I have a Pentaho Data Integration job which has the following steps:
Generate row step which has an initial date (for e.g. 2010-01-01) and the limit as 10*366 = 3660 rows for 10 years.
Next step has an incrementer to increment the number of days.
Next step uses this information viz. initial date, limit, and the incrementer, to generate dates for each day for 10 years starting 2010-01-01 using javascript functions.
Final step loads a table with the generated dates.
All this works fine.
Now, I have a requirement where I do not want this table to be static with dates for 10 years only. If the max date in the date table is 2 years from today, I want to load dates for 10 more years in the table.
For the above example, with the 1st load loading dates for 10 years from 2010, I should be able to load 10 more years in 2018, the next 10 years in 2028 and so on and so forth.
What will be the best way to achieve this?
How can I:
1) Read the max date from my date table? - I know how to do this.
2) Use the read date to compare against today. And if the max date is within 2 years from today, I populate the table with next 10 years.

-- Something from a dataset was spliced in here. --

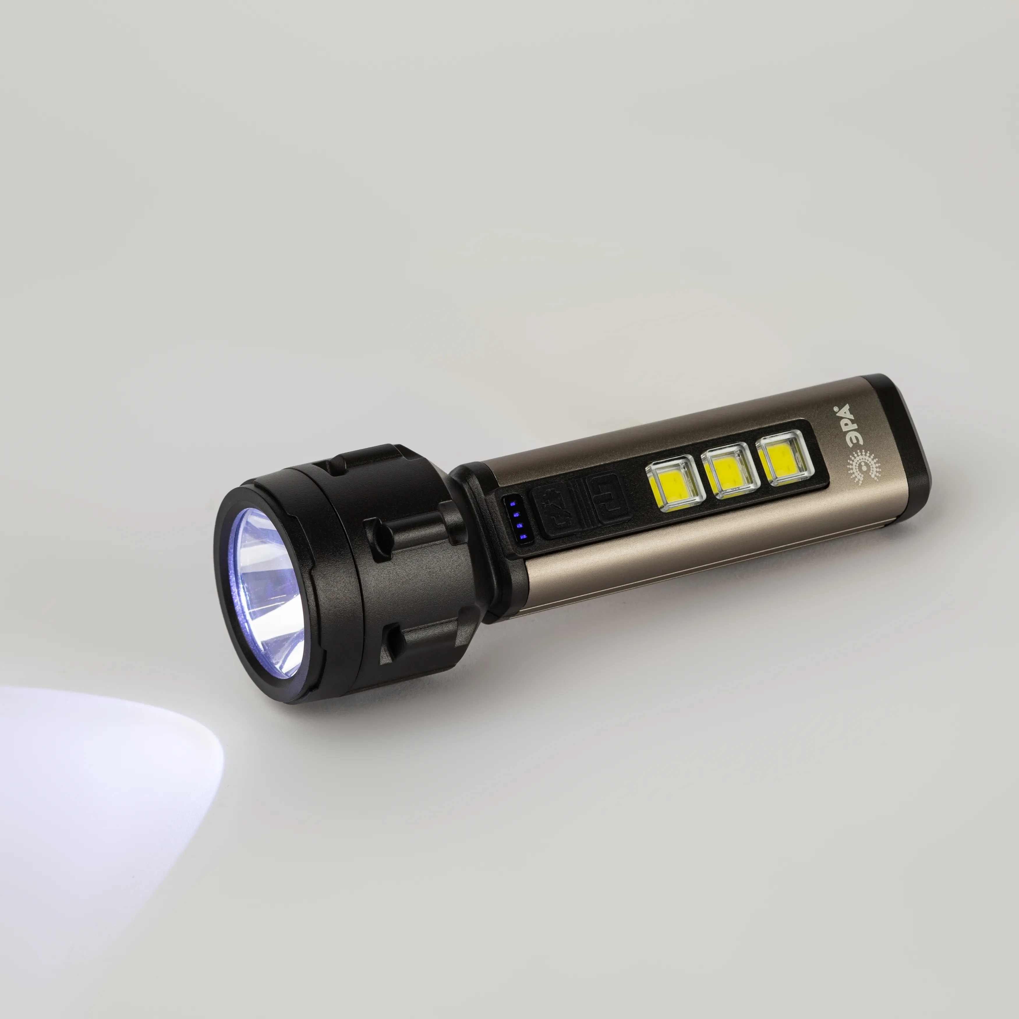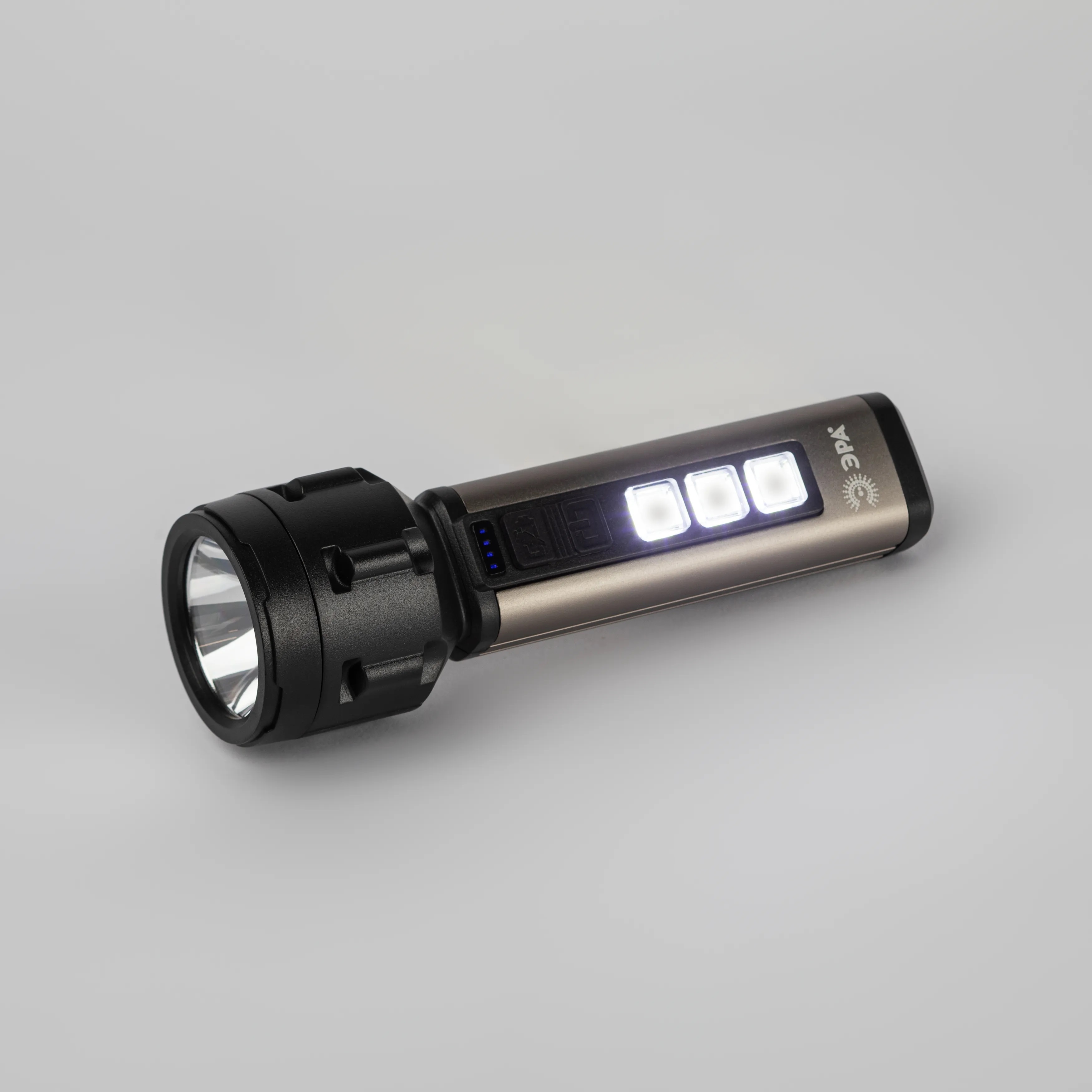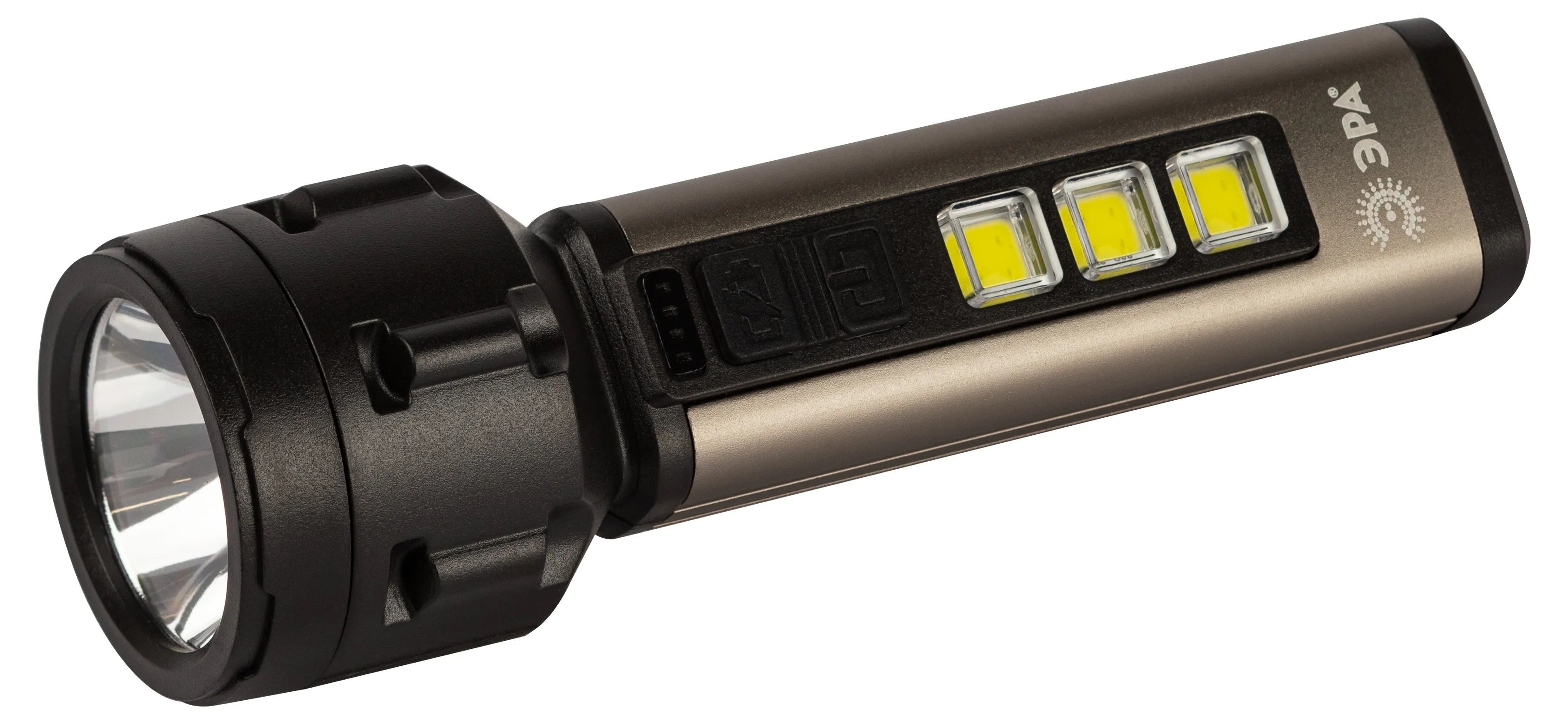 ЭРА UA-601 «Прометей» - аккумуляторный ручной фонарь с мощным 3-сегментным боковым светильником. Уникальный для российского рынка дизайн. Яркий головной луч (1 SMD-светодиод) дальностью до 200 метров помогает качественно освещать дорогу или подсвечивать конкретные предметы. Боковой светильник, состоящий из 3 компактных, но очень ярких COB-матриц с инновационными микросветодиодами, формирует широкое заливающее освещение.

I don't know how to do 2 above in Pentaho data integration. Will really appreciate any pointers on a way to resolve this issue.

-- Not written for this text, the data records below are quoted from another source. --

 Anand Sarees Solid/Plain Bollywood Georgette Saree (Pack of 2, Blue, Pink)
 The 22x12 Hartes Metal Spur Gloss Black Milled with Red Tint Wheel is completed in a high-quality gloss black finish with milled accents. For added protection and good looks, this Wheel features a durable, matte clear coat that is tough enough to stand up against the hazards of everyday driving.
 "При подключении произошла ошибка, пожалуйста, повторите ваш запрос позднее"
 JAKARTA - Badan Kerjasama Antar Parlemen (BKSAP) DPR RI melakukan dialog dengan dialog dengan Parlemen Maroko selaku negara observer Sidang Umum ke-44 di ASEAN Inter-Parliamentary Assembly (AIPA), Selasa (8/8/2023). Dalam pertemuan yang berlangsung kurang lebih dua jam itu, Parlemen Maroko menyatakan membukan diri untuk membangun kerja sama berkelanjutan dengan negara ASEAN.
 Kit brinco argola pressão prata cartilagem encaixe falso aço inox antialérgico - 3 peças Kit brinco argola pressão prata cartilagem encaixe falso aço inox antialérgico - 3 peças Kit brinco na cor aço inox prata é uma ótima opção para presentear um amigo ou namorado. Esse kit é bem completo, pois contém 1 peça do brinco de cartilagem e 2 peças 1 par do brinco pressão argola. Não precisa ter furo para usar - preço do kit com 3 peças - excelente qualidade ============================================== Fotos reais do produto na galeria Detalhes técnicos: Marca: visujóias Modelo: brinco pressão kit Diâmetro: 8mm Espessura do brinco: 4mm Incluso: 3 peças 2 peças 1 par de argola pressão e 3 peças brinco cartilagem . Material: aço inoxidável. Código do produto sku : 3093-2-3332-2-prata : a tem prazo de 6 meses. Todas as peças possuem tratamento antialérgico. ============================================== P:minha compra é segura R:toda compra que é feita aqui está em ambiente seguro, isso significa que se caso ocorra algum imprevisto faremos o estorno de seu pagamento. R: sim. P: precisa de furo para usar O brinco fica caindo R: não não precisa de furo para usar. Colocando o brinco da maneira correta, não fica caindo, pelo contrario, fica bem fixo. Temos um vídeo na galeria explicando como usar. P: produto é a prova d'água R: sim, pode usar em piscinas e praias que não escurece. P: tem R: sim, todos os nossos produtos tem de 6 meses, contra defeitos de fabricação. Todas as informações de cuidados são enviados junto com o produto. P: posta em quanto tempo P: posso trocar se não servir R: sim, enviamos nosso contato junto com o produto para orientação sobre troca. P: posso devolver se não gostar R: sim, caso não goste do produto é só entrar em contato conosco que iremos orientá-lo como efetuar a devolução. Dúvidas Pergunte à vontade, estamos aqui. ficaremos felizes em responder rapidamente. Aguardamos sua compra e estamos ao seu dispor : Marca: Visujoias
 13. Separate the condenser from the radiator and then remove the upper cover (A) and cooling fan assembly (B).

You need to read the current date (today) in a variable. For example with a Get system info
step.
Then you can compare the two fields, max date and today, with a Filter Rows
step.
As the previous step may give you more than one row, you need to either use a Unique Row
(no field to provide) either a Group by
(no group by field).
If any row gets by, then you launch you generate 10 years process. As you cannot have a hop from a step into this second Generate row
, you must use a Transformation executor
to launch your currently existing transformation.
Now, if your requirement gets a tiny little bit more complex than that, I strongly suggest you to use jobs to orchestrate your transformations.